Implementing vSphere Metro Storage Cluster using IBM System Storage SAN Volume Controller
search cancel

Implementing vSphere Metro Storage Cluster using IBM System Storage SAN Volume Controller

book

Article ID: 343250

calendar_today

Updated On:

Products

VMware vSphere ESXi

Issue/Introduction

This article provides information on implementing a vSphere Metro Storage Cluster using IBM System Storage SAN Volume Controller.

Environment

VMware vSphere ESXi 6.5
VMware vSphere ESXi 6.7
VMware vSphere ESXi 5.1
VMware vSphere ESXi 5.0
VMware vSphere ESXi 5.5
VMware vSphere ESXi 6.0

Resolution

What is vMSC?

vSphere Metro Storage Cluster (vMSC) is a new storage configuration for VMware vSphere environments and recognized with a unique Hardware Compatibility List (HCL) classification. All supported vMSC storage devices available on the VMware Storage Compatibility Guide.

What is IBM SAN Volume Controller?

A stretched IBM SAN Volume Controller configuration in conjunction with VMware vSphere enables transparent VMware vMotion migration and automatic VMware HA failover of virtualized workloads between physical data centers. This image shows a solution overview:
 
 
The IBM System Storage SAN volume controller is an enterprise class storage virtualization system that enables a single point of control for aggregated storage resources. SAN Volume Controller consolidates capacity from different storage systems, both IBM and non-IBM branded, while enabling common copy functions, non-disruptive data movement, and improving performance and availability. IBM SAN Volume Controller combines hardware and software into an integrated, modular solution that forms a highly scalable cluster. An IBM SAN Volume Controller cluster is commonly installed to provide service in a single data center. An IBM SAN Volume Controller cluster can also be installed in a “stretched” configuration, where a single SAN Volume Controller cluster can provide service to two data centers at a maximum distance of 300km. In a stretched configuration IBM SAN Volume Controller enables a highly available stretched volume to be concurrently accessed at both data center locations.
 

What is the IBM SAN Volume Controller Quorum disk?

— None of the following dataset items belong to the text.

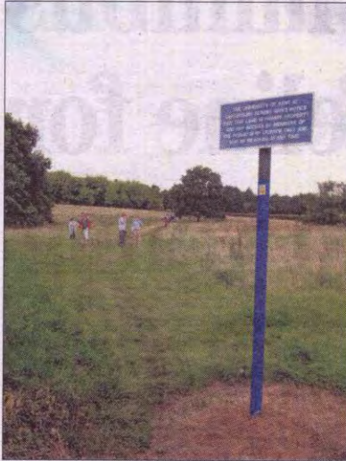
GREEN SPACE: Chaucer Fields, above, and right the proposed development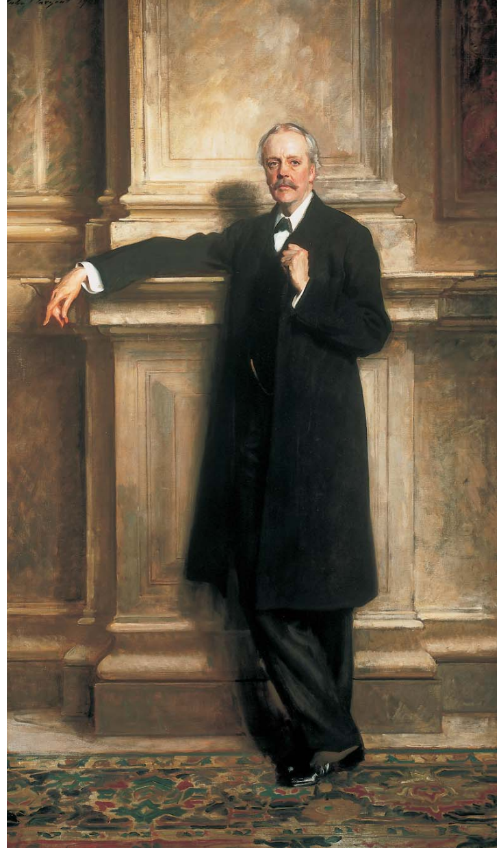
FIG. 7 John Singer Sargent Arthur James Balfour, 1908 Oil on canvas, 256.5 × 147.3 cm National Portrait Gallery, London

Another of the dominating political figures of the age painted by both artists was A.J. Balfour, conservative Prime Minister,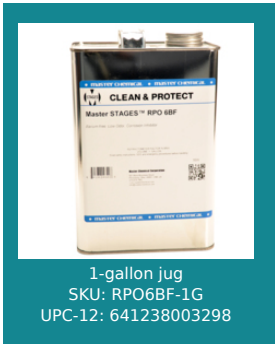
1-gallon jug SKU: RPO6BF-1G UPC-12: 641238003298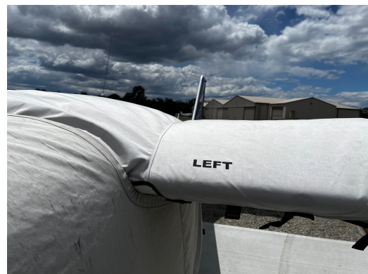
Tecnam P2006T Twin Wing & Engine Covers, All Year Use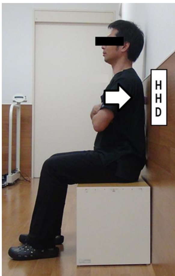
Fig. 5. The scene of the measurement of back muscle strength.

analysis. If the measured strength level increased by more than 10% from the first attempt, patients were asked to perform one additional attempt. The subjects received a full explanation of the method prior to measurements and practiced the motions. Fatigue was taken into consideration by allowing rest periods of at least 30 seconds between the measurements.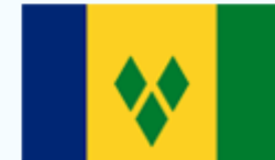
St. Vincent and the Grenadines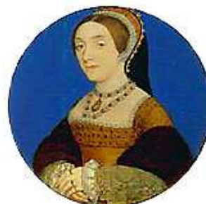
Katherine Howard (Holbein)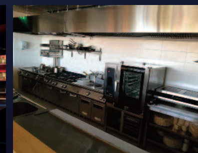
Restaurant Nobu, 2017, Montenegro

A SAN Volume Controller cluster quorum disk is a managed disk (MDisk) or managed drive that contains a reserved area that is used exclusively for cluster management. The cluster maintains one active quorum and two quorum candidates (or backup quorums). A cluster uses the quorum disk for two purposes:
  • To break a tie when a SAN fault occurs, when exactly half of the nodes that were previously a member of the cluster are present.
  • To hold a copy of important cluster configuration data. Just over 256 MB is reserved for this purpose on each quorum disk.

A Stretched SAN Volume Controller cluster typically maintains the active quorum disk at a third site to ensure cluster availability is not impacted by a failure of either primary site.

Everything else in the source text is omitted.